Problem:
Output the full listing again without altering anything.

-------- Dataset --------

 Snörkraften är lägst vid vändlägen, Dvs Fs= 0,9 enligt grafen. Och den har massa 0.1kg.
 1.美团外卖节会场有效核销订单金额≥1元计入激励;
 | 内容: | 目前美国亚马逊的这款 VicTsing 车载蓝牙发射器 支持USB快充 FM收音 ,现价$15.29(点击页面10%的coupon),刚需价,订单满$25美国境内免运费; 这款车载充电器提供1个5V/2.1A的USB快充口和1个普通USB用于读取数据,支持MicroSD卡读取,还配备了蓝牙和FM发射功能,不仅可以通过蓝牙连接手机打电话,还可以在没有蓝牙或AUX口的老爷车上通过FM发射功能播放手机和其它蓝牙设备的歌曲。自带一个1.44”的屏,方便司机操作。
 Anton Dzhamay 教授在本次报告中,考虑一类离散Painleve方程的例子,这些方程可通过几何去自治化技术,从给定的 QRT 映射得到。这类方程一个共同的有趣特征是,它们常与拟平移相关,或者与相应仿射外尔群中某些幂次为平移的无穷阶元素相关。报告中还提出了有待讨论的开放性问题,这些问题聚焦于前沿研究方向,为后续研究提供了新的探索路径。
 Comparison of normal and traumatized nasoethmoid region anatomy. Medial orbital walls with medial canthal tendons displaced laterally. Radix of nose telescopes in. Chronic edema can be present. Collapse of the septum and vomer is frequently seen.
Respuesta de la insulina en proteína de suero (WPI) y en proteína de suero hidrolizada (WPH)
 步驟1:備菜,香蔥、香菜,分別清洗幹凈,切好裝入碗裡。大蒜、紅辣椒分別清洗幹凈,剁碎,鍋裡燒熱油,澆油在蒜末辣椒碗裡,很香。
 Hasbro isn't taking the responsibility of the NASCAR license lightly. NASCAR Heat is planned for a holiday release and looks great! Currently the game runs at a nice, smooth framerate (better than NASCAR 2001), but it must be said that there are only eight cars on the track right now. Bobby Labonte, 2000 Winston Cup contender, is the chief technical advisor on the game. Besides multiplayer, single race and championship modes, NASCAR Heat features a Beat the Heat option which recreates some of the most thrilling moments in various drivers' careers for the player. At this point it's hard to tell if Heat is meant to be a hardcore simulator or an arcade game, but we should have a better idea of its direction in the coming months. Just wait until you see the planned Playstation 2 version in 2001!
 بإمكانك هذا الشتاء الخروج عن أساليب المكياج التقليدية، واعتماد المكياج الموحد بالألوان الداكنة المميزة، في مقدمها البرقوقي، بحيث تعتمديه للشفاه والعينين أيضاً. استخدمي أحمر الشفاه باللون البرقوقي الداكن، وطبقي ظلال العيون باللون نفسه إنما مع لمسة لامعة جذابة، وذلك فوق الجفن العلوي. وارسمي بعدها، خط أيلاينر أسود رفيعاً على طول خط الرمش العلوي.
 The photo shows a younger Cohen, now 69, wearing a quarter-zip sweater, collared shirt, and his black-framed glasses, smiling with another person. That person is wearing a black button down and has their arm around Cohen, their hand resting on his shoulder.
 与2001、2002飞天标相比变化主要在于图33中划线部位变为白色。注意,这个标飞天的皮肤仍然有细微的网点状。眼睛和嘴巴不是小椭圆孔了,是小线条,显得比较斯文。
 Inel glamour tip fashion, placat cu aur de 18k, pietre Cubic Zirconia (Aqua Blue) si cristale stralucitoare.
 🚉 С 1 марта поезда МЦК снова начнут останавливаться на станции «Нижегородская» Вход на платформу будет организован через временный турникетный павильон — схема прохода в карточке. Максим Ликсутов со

--------

Solution below:
 Snörkraften är lägst vid vändlägen, Dvs Fs= 0,9 enligt grafen. Och den har massa 0.1kg.
 1.美团外卖节会场有效核销订单金额≥1元计入激励;
 | 内容: | 目前美国亚马逊的这款 VicTsing 车载蓝牙发射器 支持USB快充 FM收音 ,现价$15.29(点击页面10%的coupon),刚需价,订单满$25美国境内免运费; 这款车载充电器提供1个5V/2.1A的USB快充口和1个普通USB用于读取数据,支持MicroSD卡读取,还配备了蓝牙和FM发射功能,不仅可以通过蓝牙连接手机打电话,还可以在没有蓝牙或AUX口的老爷车上通过FM发射功能播放手机和其它蓝牙设备的歌曲。自带一个1.44”的屏,方便司机操作。
 Anton Dzhamay 教授在本次报告中,考虑一类离散Painleve方程的例子,这些方程可通过几何去自治化技术,从给定的 QRT 映射得到。这类方程一个共同的有趣特征是,它们常与拟平移相关,或者与相应仿射外尔群中某些幂次为平移的无穷阶元素相关。报告中还提出了有待讨论的开放性问题,这些问题聚焦于前沿研究方向,为后续研究提供了新的探索路径。
 Comparison of normal and traumatized nasoethmoid region anatomy. Medial orbital walls with medial canthal tendons displaced laterally. Radix of nose telescopes in. Chronic edema can be present. Collapse of the septum and vomer is frequently seen.
Respuesta de la insulina en proteína de suero (WPI) y en proteína de suero hidrolizada (WPH)
 步驟1:備菜,香蔥、香菜,分別清洗幹凈,切好裝入碗裡。大蒜、紅辣椒分別清洗幹凈,剁碎,鍋裡燒熱油,澆油在蒜末辣椒碗裡,很香。
 Hasbro isn't taking the responsibility of the NASCAR license lightly. NASCAR Heat is planned for a holiday release and looks great! Currently the game runs at a nice, smooth framerate (better than NASCAR 2001), but it must be said that there are only eight cars on the track right now. Bobby Labonte, 2000 Winston Cup contender, is the chief technical advisor on the game. Besides multiplayer, single race and championship modes, NASCAR Heat features a Beat the Heat option which recreates some of the most thrilling moments in various drivers' careers for the player. At this point it's hard to tell if Heat is meant to be a hardcore simulator or an arcade game, but we should have a better idea of its direction in the coming months. Just wait until you see the planned Playstation 2 version in 2001!
 بإمكانك هذا الشتاء الخروج عن أساليب المكياج التقليدية، واعتماد المكياج الموحد بالألوان الداكنة المميزة، في مقدمها البرقوقي، بحيث تعتمديه للشفاه والعينين أيضاً. استخدمي أحمر الشفاه باللون البرقوقي الداكن، وطبقي ظلال العيون باللون نفسه إنما مع لمسة لامعة جذابة، وذلك فوق الجفن العلوي. وارسمي بعدها، خط أيلاينر أسود رفيعاً على طول خط الرمش العلوي.
 The photo shows a younger Cohen, now 69, wearing a quarter-zip sweater, collared shirt, and his black-framed glasses, smiling with another person. That person is wearing a black button down and has their arm around Cohen, their hand resting on his shoulder.
 与2001、2002飞天标相比变化主要在于图33中划线部位变为白色。注意,这个标飞天的皮肤仍然有细微的网点状。眼睛和嘴巴不是小椭圆孔了,是小线条,显得比较斯文。
 Inel glamour tip fashion, placat cu aur de 18k, pietre Cubic Zirconia (Aqua Blue) si cristale stralucitoare.
 🚉 С 1 марта поезда МЦК снова начнут останавливаться на станции «Нижегородская» Вход на платформу будет организован через временный турникетный павильон — схема прохода в карточке. Максим Ликсутов со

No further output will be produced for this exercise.